For old-timers like me, the open source, big data environment is very reminiscent of the early days of relational databases in the 1980s and data warehousing in the 1990s. The focus is on improving the technological underpinnings, component by individual component. A better database optimizer. Faster throughput load and update (ETL). Security and authentication tools. Moving from batch to interactive and eventually near real-time use.
In data warehousing, the focus has long shifted to the overall process of ensuring data quality and consistency, from modeling business requirements all the way through to production delivery and ongoing maintenance. We see this in tools such as Wherescape and Kalido, which have emerged from teams who had to build and support real, ongoing and changing business needs. Once the excitement of delivering the first data warehouse, lake or hub wears off, the real challenge become apparent—how to keep it going in the face of ever changing and increasingly urgent business demands.
So, how do you eat the Hadoop elephant? In exactly the same way as we’ve eaten relational databases, data warehouses and business intelligence: by lining up the pieces, defining processes and methodologies for governance, and automating and operationalizing the myriad steps as far as possible. It is precisely this long and seemingly tedious process that is largely missing today from the Hadoop world. Its absence is unsurprising; this is a market still in the first flush of delivering discreet helpings of business value.

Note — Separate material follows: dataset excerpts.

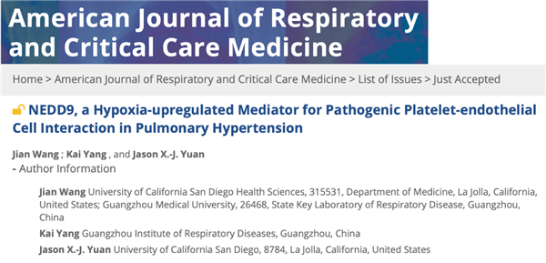 3月26日,肺血管病学组在呼吸领域权威期刊Am J Respir Crit Care Med(医学1区Top期刊,影响因子:17.452)在线发表了题为“NEDD9, a Hypoxia-upregulated Mediator for Pathogenic Platelet-endothelial Cell Interaction in Pulmonary Hypertension”的社论。王健教授为本文的第一作者,美国加州大学圣地亚哥分校Jason X.-J. Yuan教授为通讯作者。
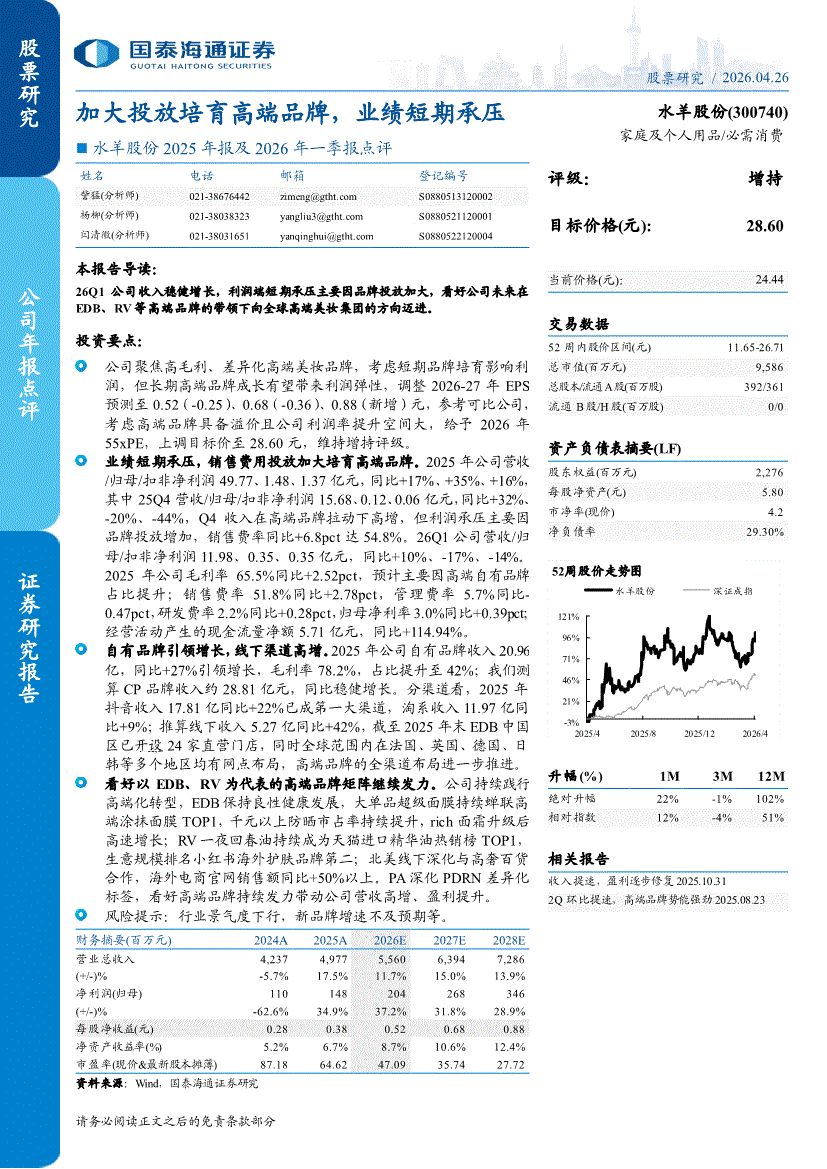 水羊股份:国泰海通证券-水羊股份-300740-2025年报及2026年一季报点评:加大投放培育高端品牌,业绩短期承压-260426
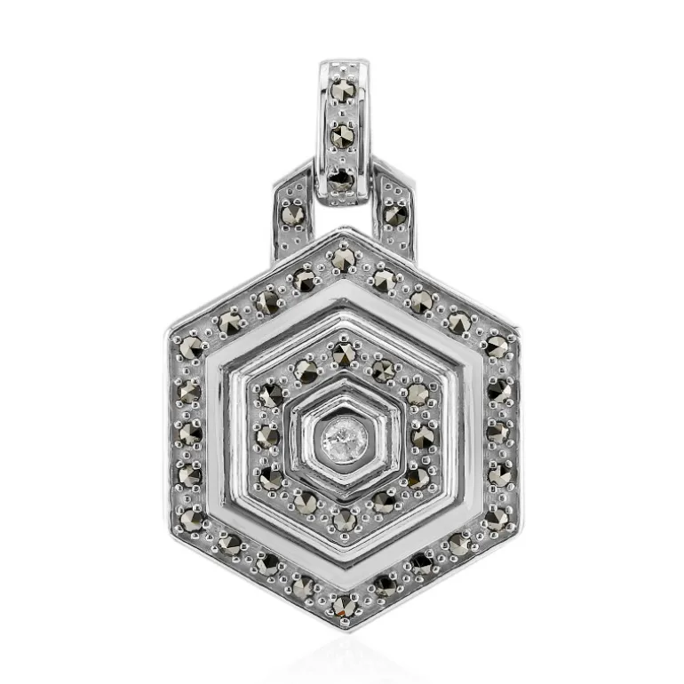 Inspiriert von der geometrischen Eleganz des Art Déco, präsentiert dieser Anhänger aus Sterlingsilber auf elegante Weise einen Diamanten im Brillantschliff (0,06 Karat), der von 41 glitzernden österreichischen Markasiten (insgesamt 0,41 Karat) umgeben ist. Der aus 925er Sterlingsilber gefertigte Anhänger mit einem Gewicht von ca. 5,9 g verbindet Vintage-Charme mit moderner Raffinesse und ist perfekt geeignet, um jedem Outfit einen Hauch von Klasse zu verleihen. Ideal für formelle Anlässe oder für den Alltag, ist es eine vielseitige Ergänzung für jede Schmucksammlung.

But, in the long run (and it will be long), this is where the worlds of data warehousing and big data will converge. The knowledge and tooling of information management from data warehousing will be applied to big data. The roles of both relational databases and non-relational techniques will become clearly complementary. A hybrid architecture as outlined in my book, Business unIntelligence, will become the preferred approach. And maybe we’ll discover that the elephant we need to eat is that of information meaning and management rather than the basic data manipulation we see in Hadoop today.